More than a dozen of her neighbors received the same knock. By searching public records, they discovered that a new customer had applied for a 2.2 GW project from the local power plant—nearly double its annual generation capacity. The unknown company was building a datacenter.
“You don’t have enough to buy me out. I’m not for sale. Leave me alone, I’m satisfied,” Huddleston, 82, later told the men.
Nationwide Trend
As tech companies race to build massive datacenters needed to power artificial intelligence across the U.S. and the world, similar bids are appearing on rural doorsteps nationwide. Globally, 40,000 acres of powered land—real estate prepped for datacenter development—are projected to be needed for new projects over the next five years, roughly double the amount currently in use.
Despite offers that often dwarf the land’s recent market value, many farmers are rejecting them. At least five of Huddleston’s neighbors gave categorical rejections, including one who was told he could name any price.
Recent Examples
- Pennsylvania – A farmer turned down a $15 million offer in January for land he had worked for 50 years.
- Wisconsin – A farmer rejected an $80 million offer the same month.

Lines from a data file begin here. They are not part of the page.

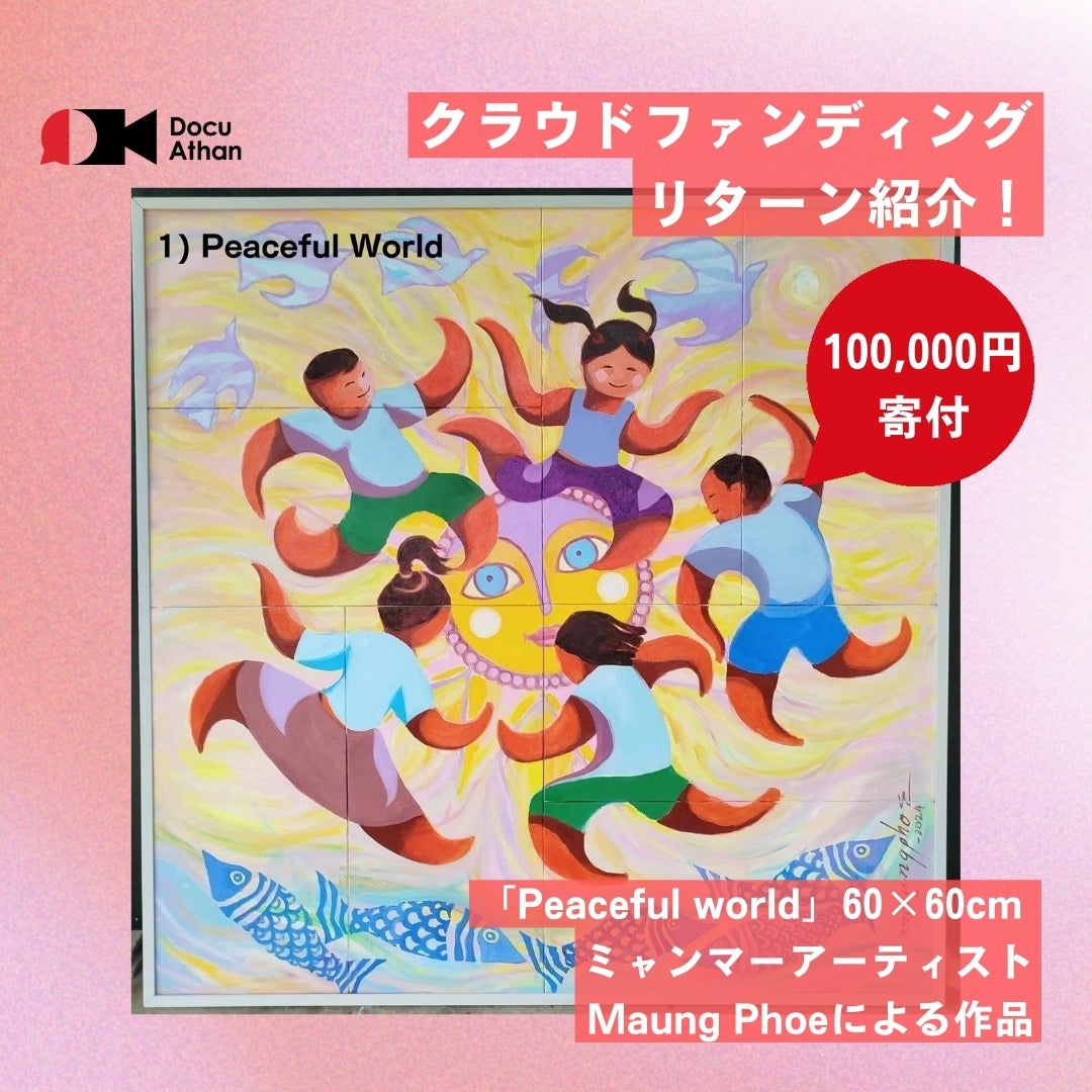 10万円ご支援の方へのリターンはミャンマー人画家による絵画のプリント作品 "Peaceful world" です。60cm × 60cm(他のサイズをご希望の方はご相談ください)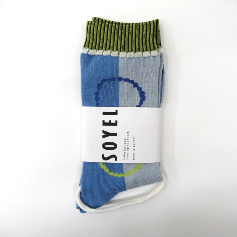 SOYEL サイドドットフロート柄ハイクルーソックス/BL 【日本製】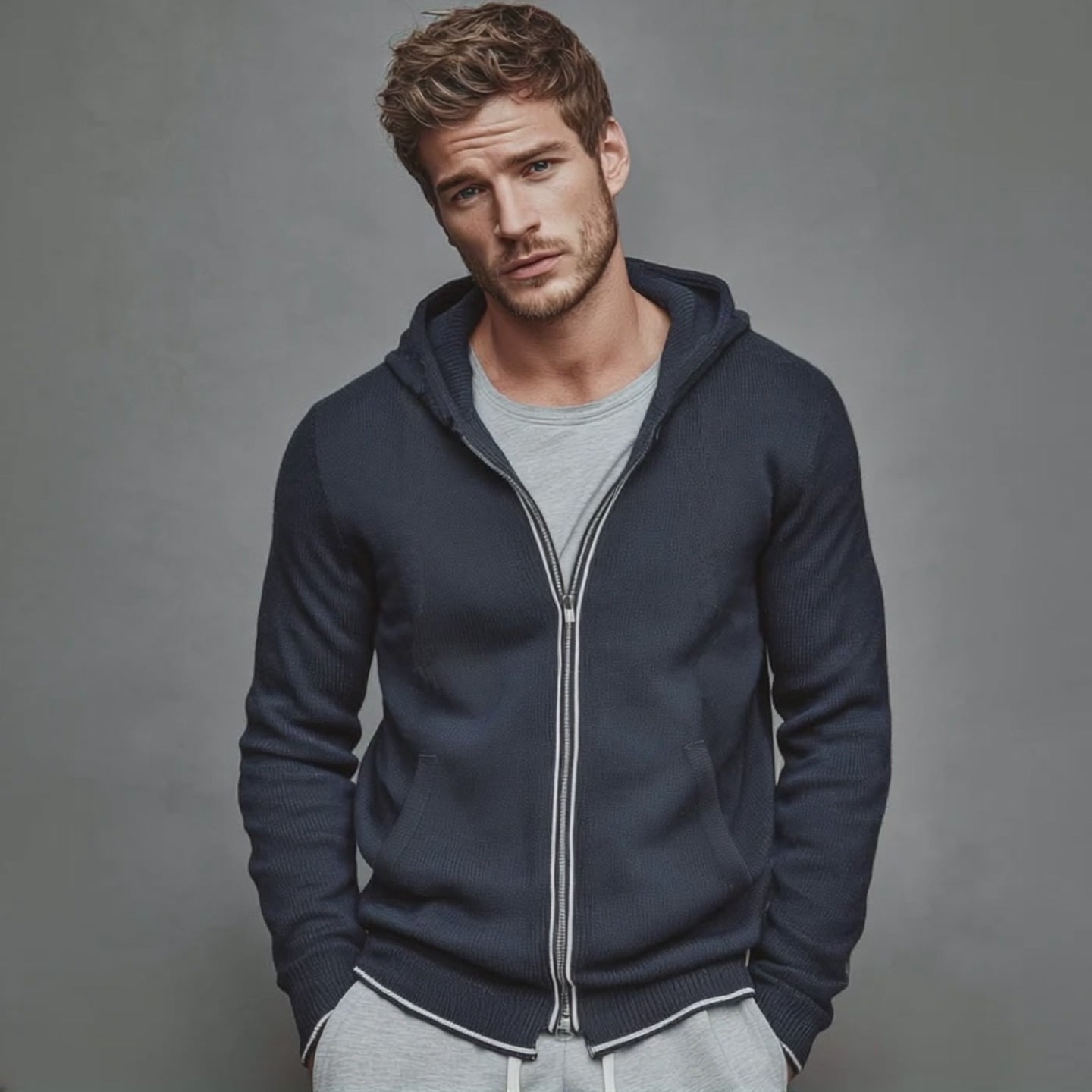 Men's Classic Casual Hooded Zippered Knit Cardigan MTA2178J2K

- Other landowners have declined offers exceeding $120,000 per acre, prices unimaginable just a few years ago.
Implications
These rebuffs highlight the physical limits of AI expansion and the miscalculation by investors of what people value most. In the rolling hills of Mason County and farmland across America, the gap is measured not in dollars but in something harder to price: identity.